:: Task statement ::
Using the material below, return exactly the lines between the one holding "但是实际上大多数用户想找的肯" and the one holding "笔者被叫去帮忙查看原因,发现配置了 4G 堆内内存,但是实际使用的物理内存竟然高达", inclusive, and no others.

:: Data listing ::

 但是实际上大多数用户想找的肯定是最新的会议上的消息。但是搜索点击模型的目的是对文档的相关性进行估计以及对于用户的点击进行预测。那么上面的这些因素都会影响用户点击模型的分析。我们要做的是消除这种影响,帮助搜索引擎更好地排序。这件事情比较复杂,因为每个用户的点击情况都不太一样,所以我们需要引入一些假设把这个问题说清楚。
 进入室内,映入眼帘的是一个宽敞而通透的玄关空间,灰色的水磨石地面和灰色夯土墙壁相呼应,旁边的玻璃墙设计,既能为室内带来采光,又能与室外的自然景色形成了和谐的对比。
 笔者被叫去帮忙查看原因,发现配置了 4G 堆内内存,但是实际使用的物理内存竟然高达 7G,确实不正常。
* * *
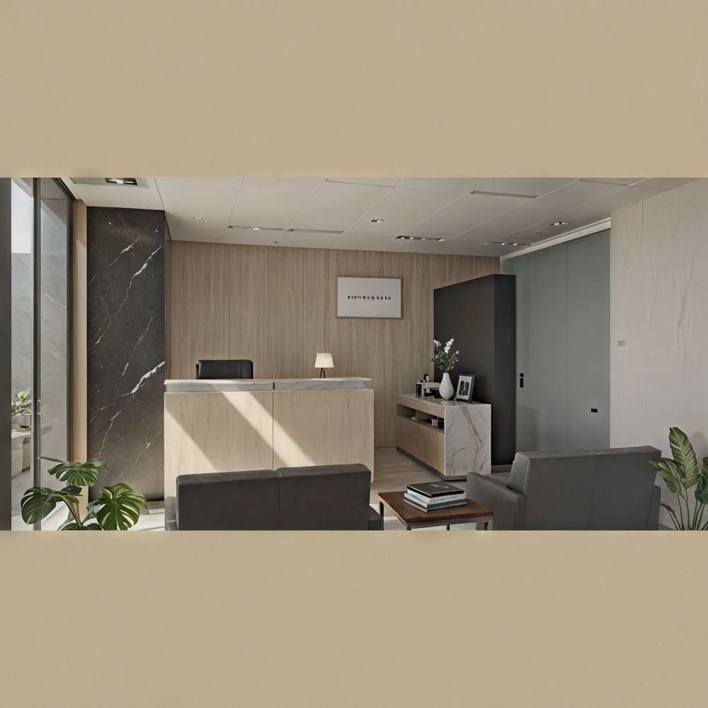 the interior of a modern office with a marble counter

:: Completed exercise ::
 但是实际上大多数用户想找的肯定是最新的会议上的消息。但是搜索点击模型的目的是对文档的相关性进行估计以及对于用户的点击进行预测。那么上面的这些因素都会影响用户点击模型的分析。我们要做的是消除这种影响,帮助搜索引擎更好地排序。这件事情比较复杂,因为每个用户的点击情况都不太一样,所以我们需要引入一些假设把这个问题说清楚。
 进入室内,映入眼帘的是一个宽敞而通透的玄关空间,灰色的水磨石地面和灰色夯土墙壁相呼应,旁边的玻璃墙设计,既能为室内带来采光,又能与室外的自然景色形成了和谐的对比。
 笔者被叫去帮忙查看原因,发现配置了 4G 堆内内存,但是实际使用的物理内存竟然高达 7G,确实不正常。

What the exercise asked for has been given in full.